Service Spec: notification-service
What this service is
A queue consumer. It has no HTTP API (except a /health endpoint). It listens to the notifications BullMQ queue and sends emails, stores in-app notifications, and fires outbound webhooks.
It never decides when to notify. core-api decides that and enqueues the job.
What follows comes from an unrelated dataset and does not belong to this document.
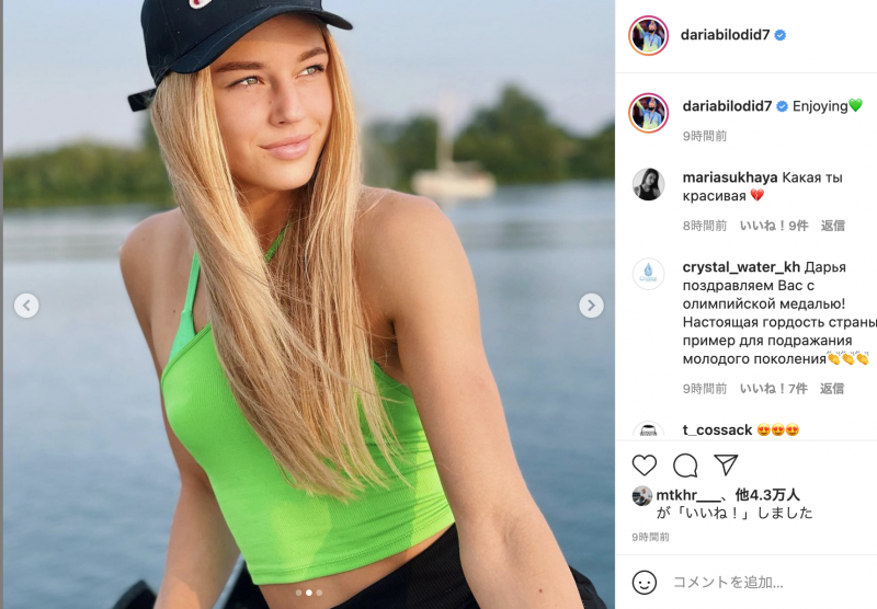 浜辺でヘソ出し&ショートパンツのビロディド(@dariabilodid7)

This service only executes the send.
Tech stack
- Runtime: Node 20
- Language: TypeScript (strict mode)
- Queue consumer:
bullmqWorker - Email:
resendSDK (primary), fallback-ready interface - Database: Prisma (to write in-app notifications to DB)
- Redis:
ioredis(BullMQ connection)
Folder structure
apps/notification-service/
├── src/
│ ├── main.ts # start worker + health server
│ ├── worker.ts # BullMQ Worker setup
│ ├── processors/
│ │ ├── send-email.ts
│ │ ├── send-in-app.ts
│ │ └── trigger-webhook.ts
│ ├── templates/
│ │ ├── otp.ts
│ │ ├── application-status.ts
│ │ ├── job-posted.ts
│ │ ├── verification-approved.ts
│ │ ├── verification-rejected.ts
│ │ └── announcement.ts
│ ├── plugins/
│ │ ├── redis.ts
│ │ └── prisma.ts
│ └── health.ts # minimal Fastify server just for /health
├── Dockerfile
├── tsconfig.json
└── package.jsonQueue setup
// worker.ts
import { Worker } from 'bullmq';
const worker = new Worker(
'notifications',
async (job) => {
switch (job.name) {
case 'send-email': return processSendEmail(job.data);
case 'send-in-app': return processSendInApp(job.data);
case 'trigger-webhook': return processTriggerWebhook(job.data);
default: throw new Error(`Unknown job type: ${job.name}`);
}
},
{
connection: redisConnection,
concurrency: 10, // process up to 10 jobs simultaneously
limiter: {
max: 100,
duration: 1000, // max 100 jobs/sec (Resend rate limit headroom)
},
}
);
worker.on('failed', (job, err) => {
console.error(`Job ${job?.id} failed:`, err.message);
// dead-letter: after 3 retries, job moves to failed queue (BullMQ built-in)
});Job types and payloads
send-email
interface SendEmailJob {
tenantId: string;
to: string | string[];
template: EmailTemplate;
data: Record<string, any>; // template-specific variables
replyTo?: string;
cc?: string[];
}
type EmailTemplate =
| 'otp'
| 'application-submitted'
| 'application-status-changed'
| 'job-posted'
| 'verification-approved'
| 'verification-rejected'
| 'announcement'
| 'cycle-enrollment'
| 'event-reminder'
| 'debarment-notice';send-in-app
interface SendInAppJob {
tenantId: string;
userId: string;
title: string;
body: string;
link?: string; // deep link to relevant page
type: 'info' | 'success' | 'warning' | 'action_required';
}
// Writes to `notifications` table in DB. Frontend polls or uses SSE.trigger-webhook
interface TriggerWebhookJob {
tenantId: string;
url: string;
secret: string; // HMAC-SHA256 signing key
event: string; // e.g. "application.status_changed"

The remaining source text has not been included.